Reproduce only this range: the line holding "Marks Obtained |" through the last line of the data below, both included, exactly, with no pictures.

▶ DATA SHOWN
:::

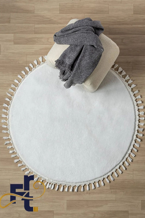 Frt Export Frt Beyaz Yuvarlak Örgü Saçaklı Peluş Kaymaz Taban Salon Mutfak Çocuk Odası Koridor Halısı
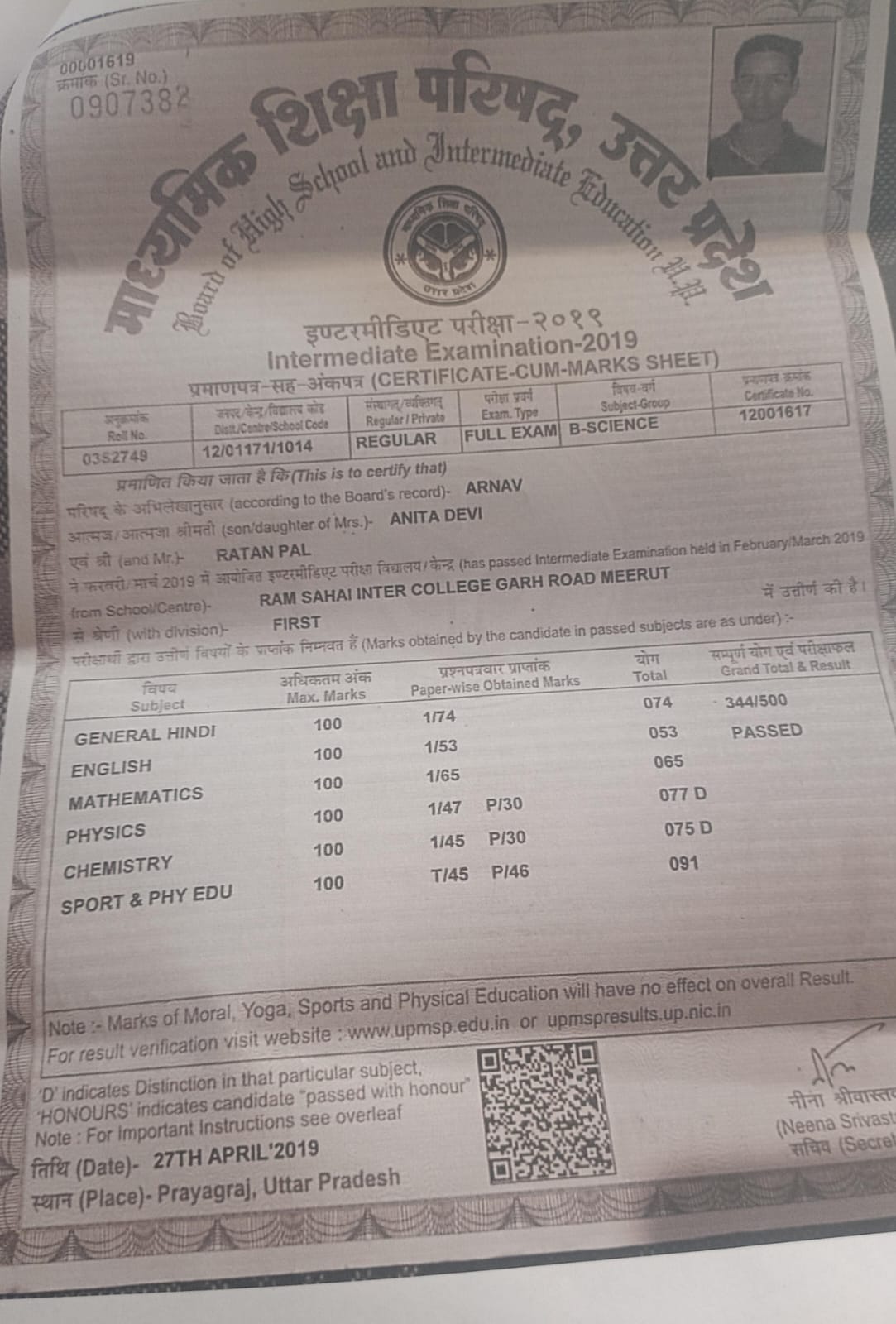 | Exam | Full Marks | Pass Marks | Marks Obtained |
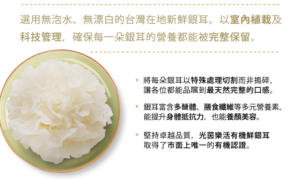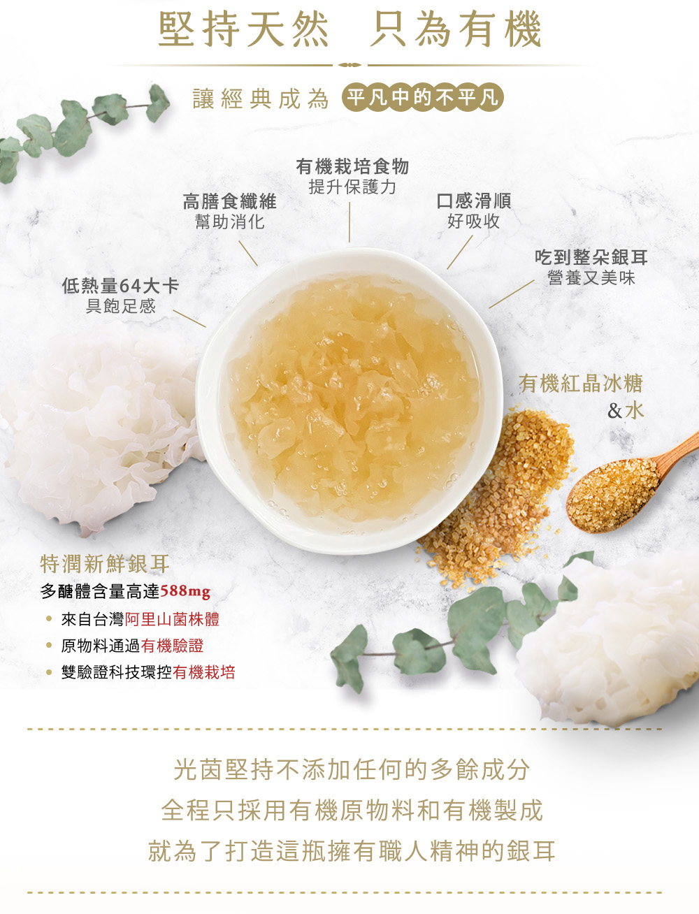 商品組合/規格:光茵樂活 有機鮮銀耳(280公克x6罐/盒)

:::

▶ TASK OUTPUT
 | Exam | Full Marks | Pass Marks | Marks Obtained |
 商品組合/規格:光茵樂活 有機鮮銀耳(280公克x6罐/盒)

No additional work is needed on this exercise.